Когда мне снится отец, на его лице обычно такое выражение, какое бывало у него по воскресеньям, когда он слушал музыку. Только оно искаженное, как будто в его отражение на глади воды в озере кто-то бросил камень. Мне никак не удается собрать во сне черты его лица воедино – они все время распадаются.
После смерти отца я проникся уважением к его привычке повсюду в квартире припрятывать запасы еды. Так он проявлял свою изобретательность, отражавшую его собственное представление о самом себе.
В дальнем углу маминой кладовки была спрятана ее сумочка. Когда я был маленьким, она часто перебирала ее содержимое.
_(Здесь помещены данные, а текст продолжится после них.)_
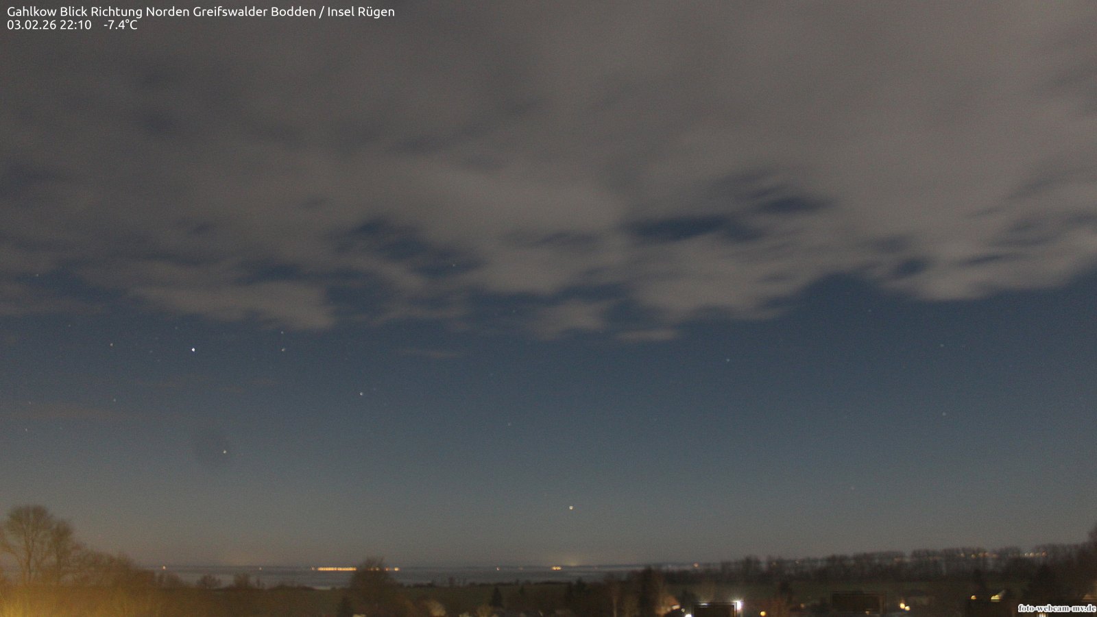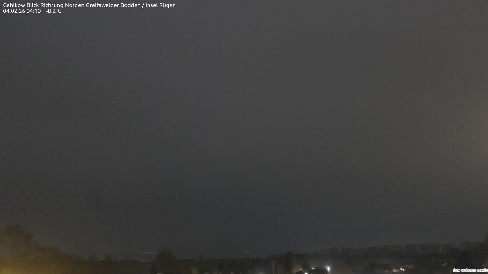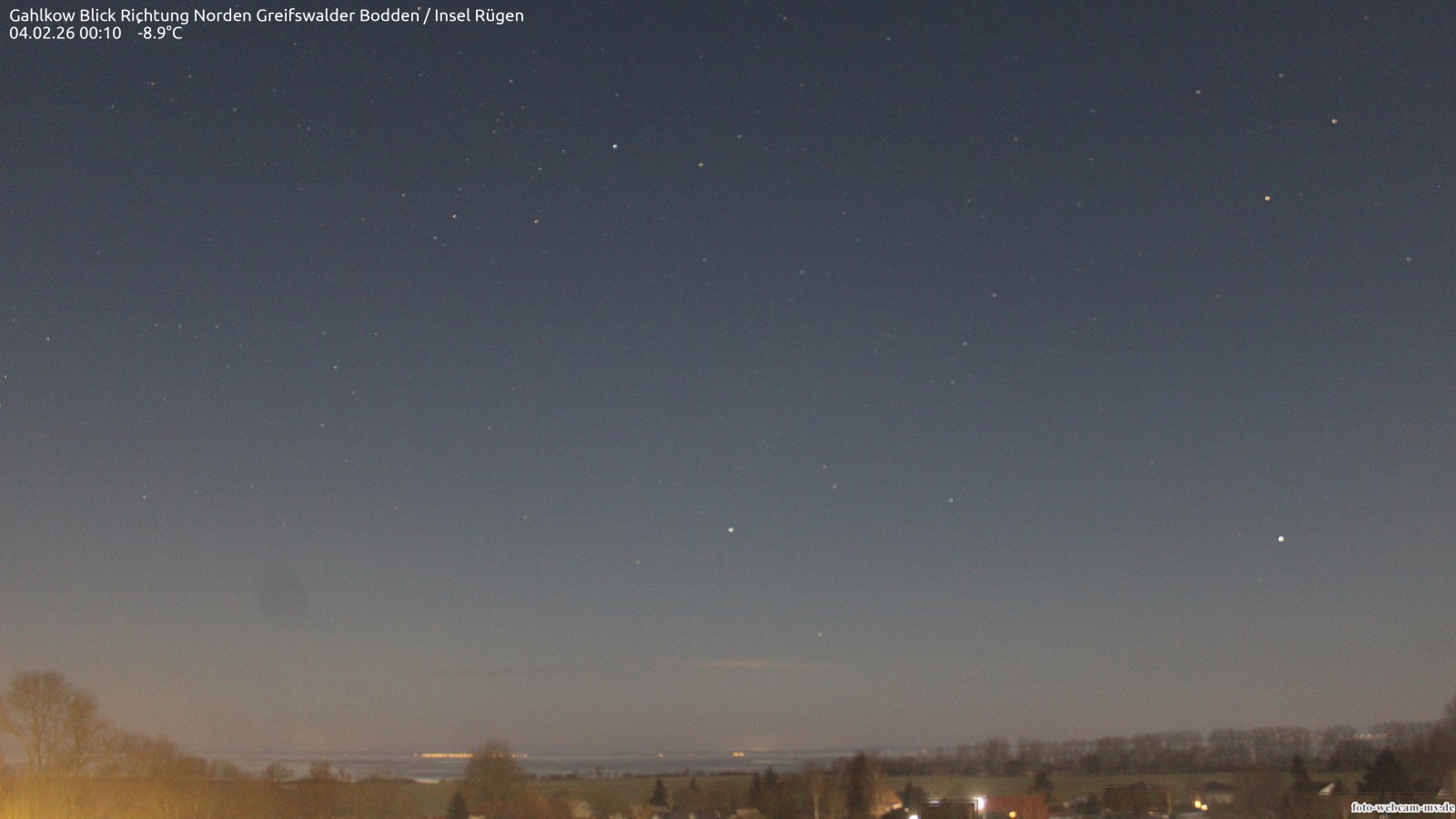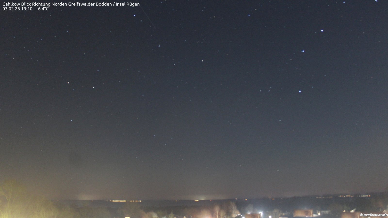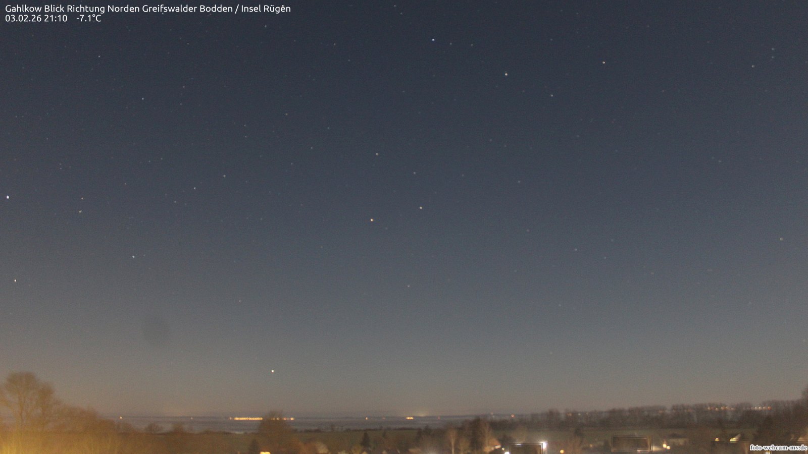 Usedom, Deutschland - 21.8 km von Alt Teterin: Blick Richtung Peenestrom - Die Webcam befindet sich in der Stadt Usedom. Angebracht ist sie in Höhe des Uhrwerkes der Marienkirche. Die Blickrichtung ist über den Dächern Usedoms hinweg in Richtung Peenestrom.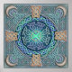Celtic knotwork in earthy tones of blue, green, and tan, centred around a blue-green 'eye'. A beautiful abstract design, celebrating the earth.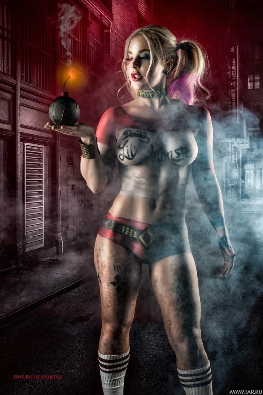 a female character that is styled after the iconic comic book villain Harley Quinn, who is known for her association with the Joker and her unconventional fashion choices. This particular portrayal of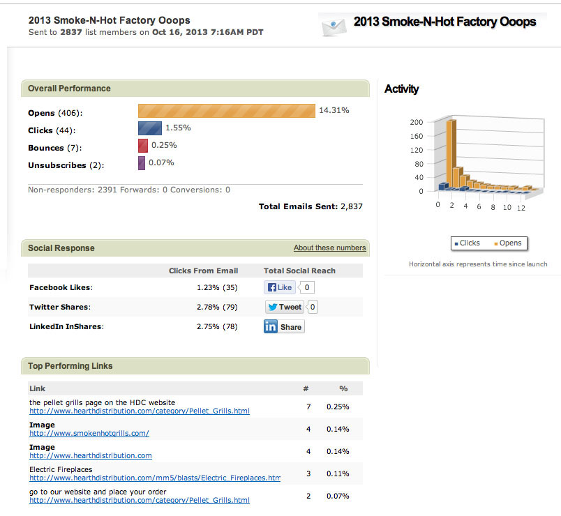 This blast had our lowest click rate so far -- but -- it had out highest Social Media share percentages!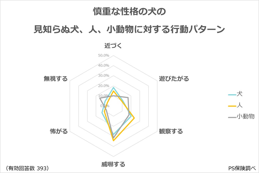 これらの性格別に、見知らぬ犬、人、(猫や鳥のような)小動物に対する反応として最も当てはまるものの回答を集計しています。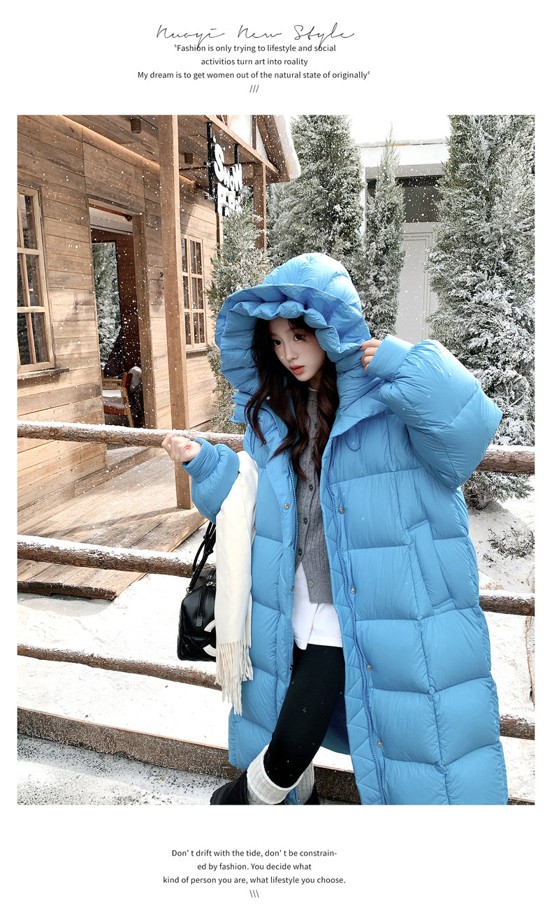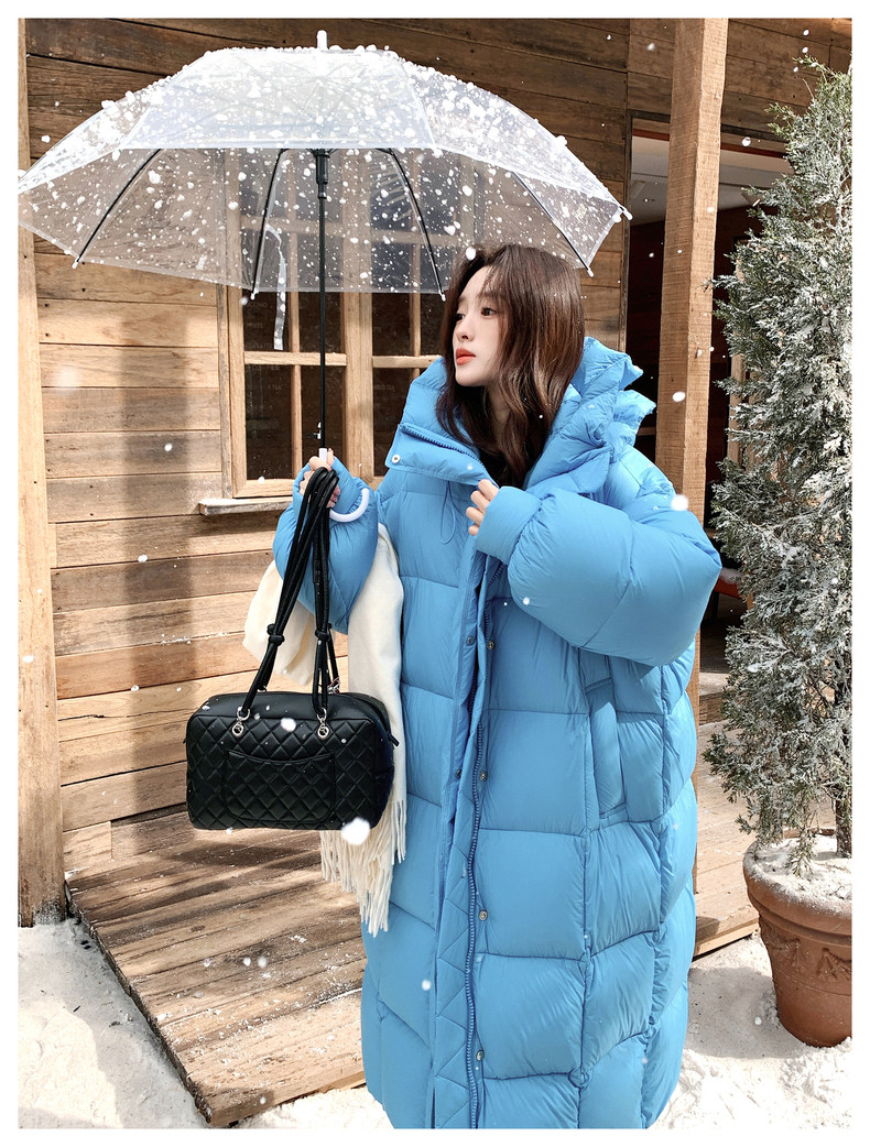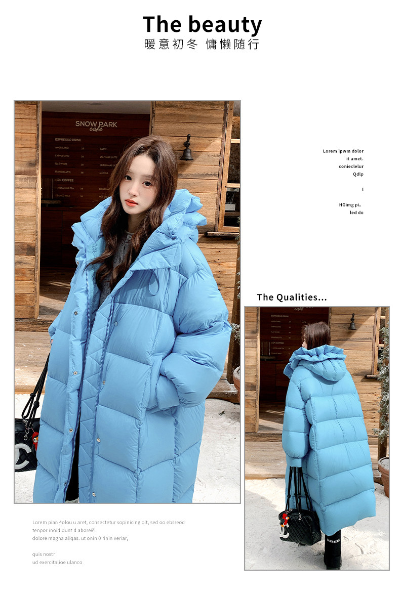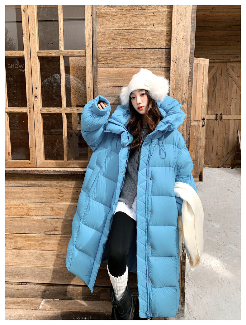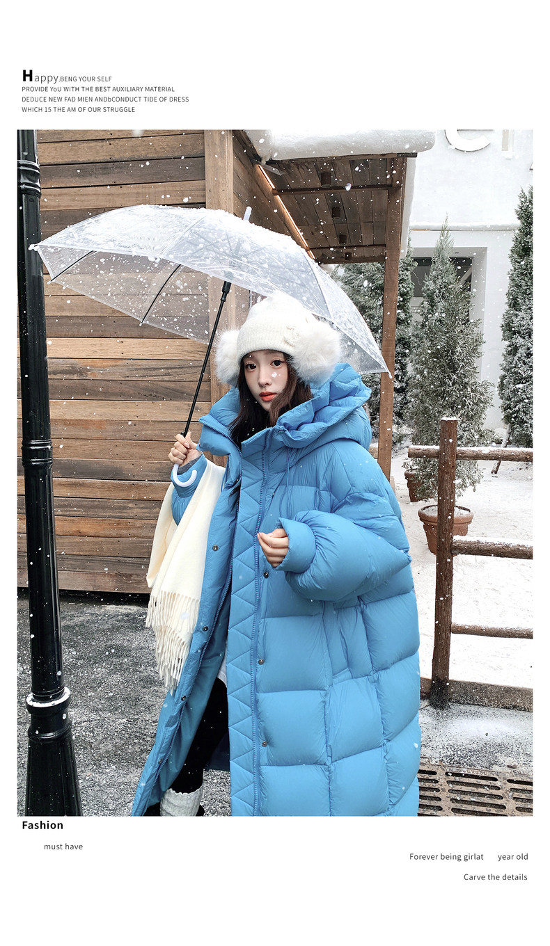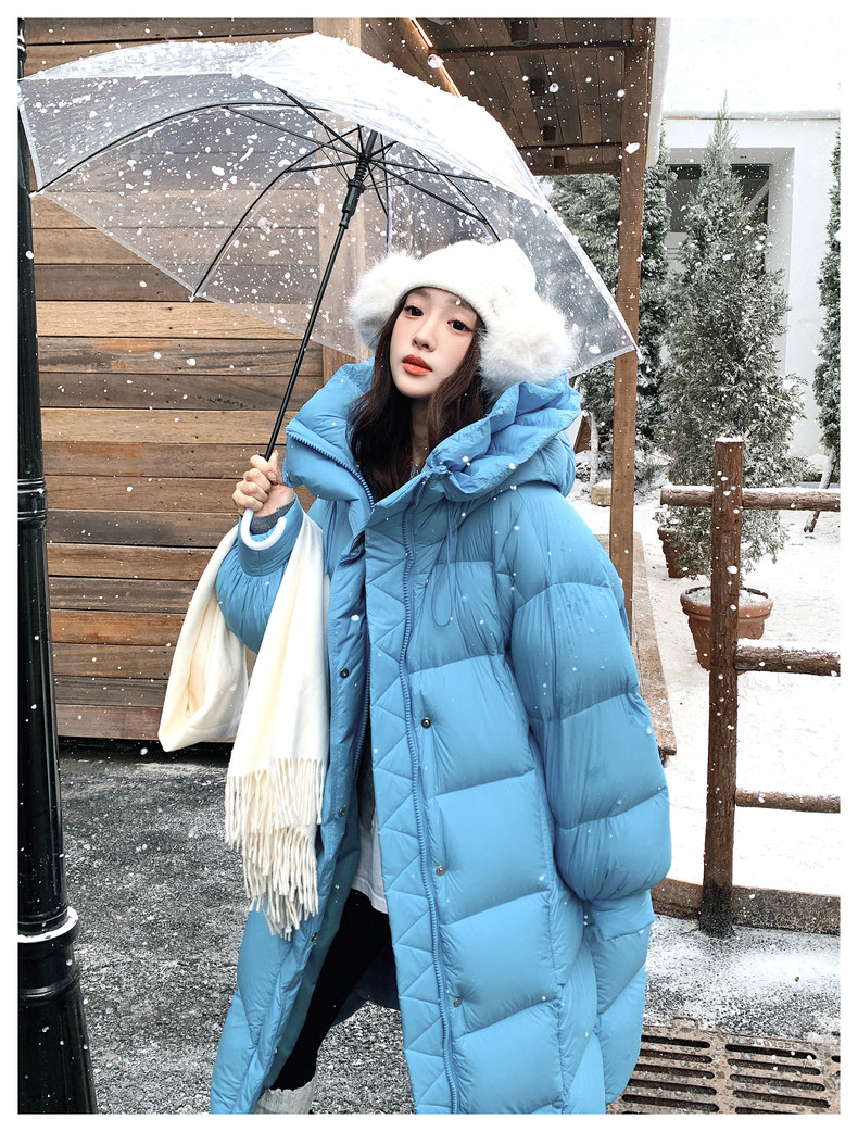 Blue hooded long warm down jacket for women winter 2025 new style non-bloated thickened bread coat warm jacket

Тогда ее таинственная сумочка внушала мне чувство безотчетного страха, теперь она раскрывает мне беспредельность их самообладания.
Мама состарилась внезапно. Ее как будто вывернуло наизнанку – кожа, казалось, прячется за костями. Я стал замечать, что над ее сгорбленной спиной торчит фабричный ярлычок от кофточки, что волосы ее сильно поредели. Она выглядела так, как будто может вдруг взять и сложиться, как, тихонько лязгнув, складывается складной металлический стул. Как будто от нее осталось только то, что может издавать пугающие звуки, – кости, очки, зубы. Но по мере того как она уходила в небытие, все явственнее казалось, что ее существо заключено не только в теле. Именно тогда я осознал, какую боль мне доставляет дочернее внимание Наоми к маме, – каждая баночка лосьона для рук, каждый флакончик духов, каждая ночная рубашка. Не говоря уже о том, что я злился на эти бесполезные, с моей точки зрения, предметы, которые переживут нас самих.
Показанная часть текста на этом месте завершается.